We still ate well, but there was a sense of rationing, of counting out the stocks and calculating how long they would sustain us. Every meal felt as if it might be our last, but every mouthful of mutton and venison tasted better, the early greenhouse currants were tart and exquisite on our tongues. The visits to the men occurred more often and were more thrilling. The bouts of wrestling were more spirited, and the fights continued on after the end of a round had been signalled. I could see it in everyone’s eyes: the polished glitter, the ephedrine of anticipation.

And I felt it too. I could look at the gashes on my hands and see a grotesque attraction in them. I could put the tip of my tongue into the open red slit and taste the salt of myself there. When Calum and I fucked, it was without restraint, it was base and raw, and I left marks on him. We were living at the edge, and everything was amplified; it was beautiful, and it was rancid.

On my birthday, as I undressed beside the copper tub, I looked in the mirror and saw the change in my body, the metamorphosis that had occurred. My head was bald, newly shaved again, and a shadow of follicles ran the reverse globe of it. My skin had darkened almost to beech. I was leaner, had lost weight and gained muscle — there were lattices along my arms and back, docks around my shoulders and above my knees. Along my collarbone was a tattooed blue line. I had sat sweating in front of the dormitory stove while Megan scored my skin and rubbed the ink in.

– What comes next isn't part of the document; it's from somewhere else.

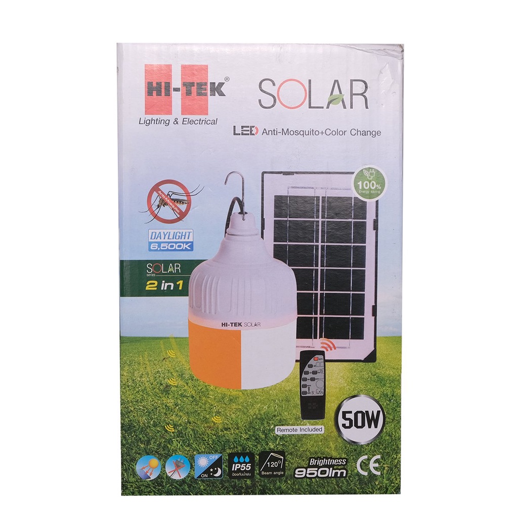 HI-TEK หลอดไฟ โซล่าเซลล์ ไล่ยุง พร้อมรีโมท LED 50 วัตต์ (Day Light) |ZWF|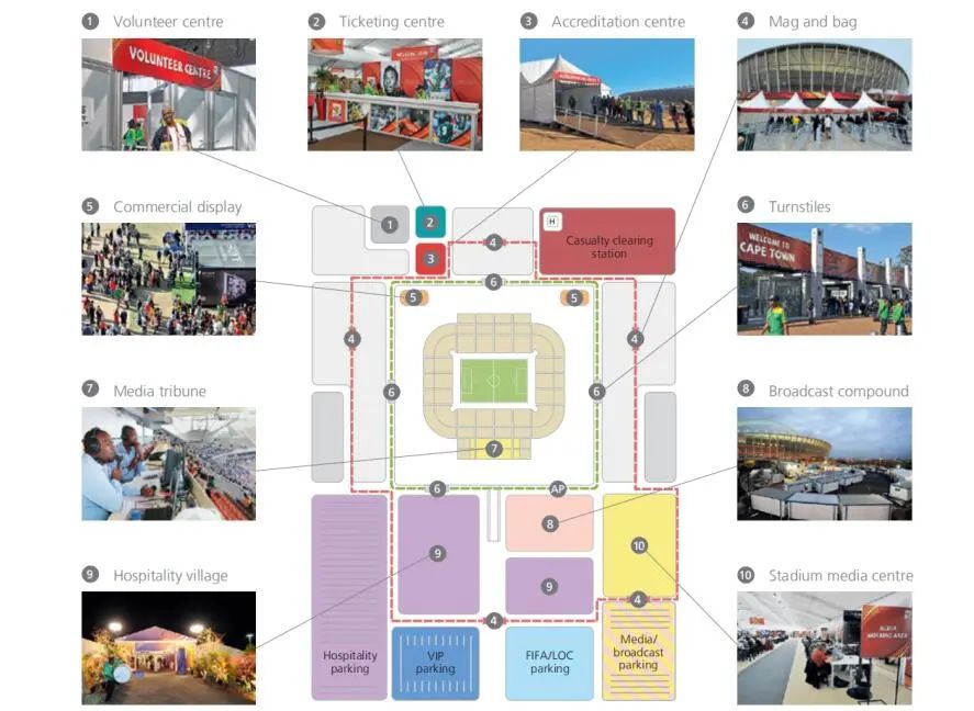 到安保空间设施、球场内草皮设计与施工

It was the anatomy of a fanatic. It was the same body the rest of the unit had fashioned for themselves. They had seemed wild to me when I’d first seen them, Corky, Megan and the others, like creatures, both natural and rarefied, but now I was no different from them. If we had stood together on the shoreline two thousand years before, facing the invading ships with fire in our hands and screaming for them to come, they would have called us Furies, and they would have been afraid.

I liked what I saw in the clouded mirror and I was shocked by it. She was a stranger to me, this woman opposite, and yet I saw the truth of her. She moved when I moved, bent to turn off the taps as I did. Her face resembled the one I had sloughed off when I came to Carhullan, but it was newer, stronger. She was my anima.

Lorry knocked on the door while I lay soaking. She came in to the room, sat on the edge of the bath and looked down at me, smiling, her brow pinched in. I could see that she was in pain. She was sixty-three, and looked much older than she had. In the year and a half that I had known her she’d become more arthritic and less mobile. She crooked herself forward when she walked, favouring her bad hip. She continued to care for us as she always had. But we were stronger than we had been, fitter, hardy of constitution; we knew how to repair ourselves in the field, and in this respite she had allowed time to catch up.

‘This is yours,’ she said, and held out a small metal pin on her palm. I lifted my hand from the warm water and took the coil from her. ‘You had it? I wasn’t sure who did. I thought it was long gone.’ She nodded. ‘I borrowed it. I needed something to remind me of why I came here too, Sister, while all this was going on. I hope you don’t mind. I thought it was about time I gave it back. But you haven’t forgotten anything, have you?’ I shook my head. The memory of its implanting was still vivid, as was my escape from Rith. I could remember the first days in the house, being given the oatmeal with butter, and the apple, the wonder of it as I bit down into its flesh. I remembered ghosting to the bathroom, the soiled sheets in my arms, and the strained concentrating face of Lorry as she took the regulator out. Holding it between my fingers, it was hard to believe that I had ever had it inside me.

Lorry was still smiling. ‘Yeah, you’re ready.’

I felt thankful. She’d been the first to accept me and I knew I would never forget it. I placed my hand on hers and asked her what she would do when we were gone. There had been no talk of taking her over to the Pennine settlements with Ruth. ‘Oh, I’ve got my orders too,’ she said. ‘Don’t you worry about me, Sister.’ She patted my arm, stood stiffly, and left the bathroom.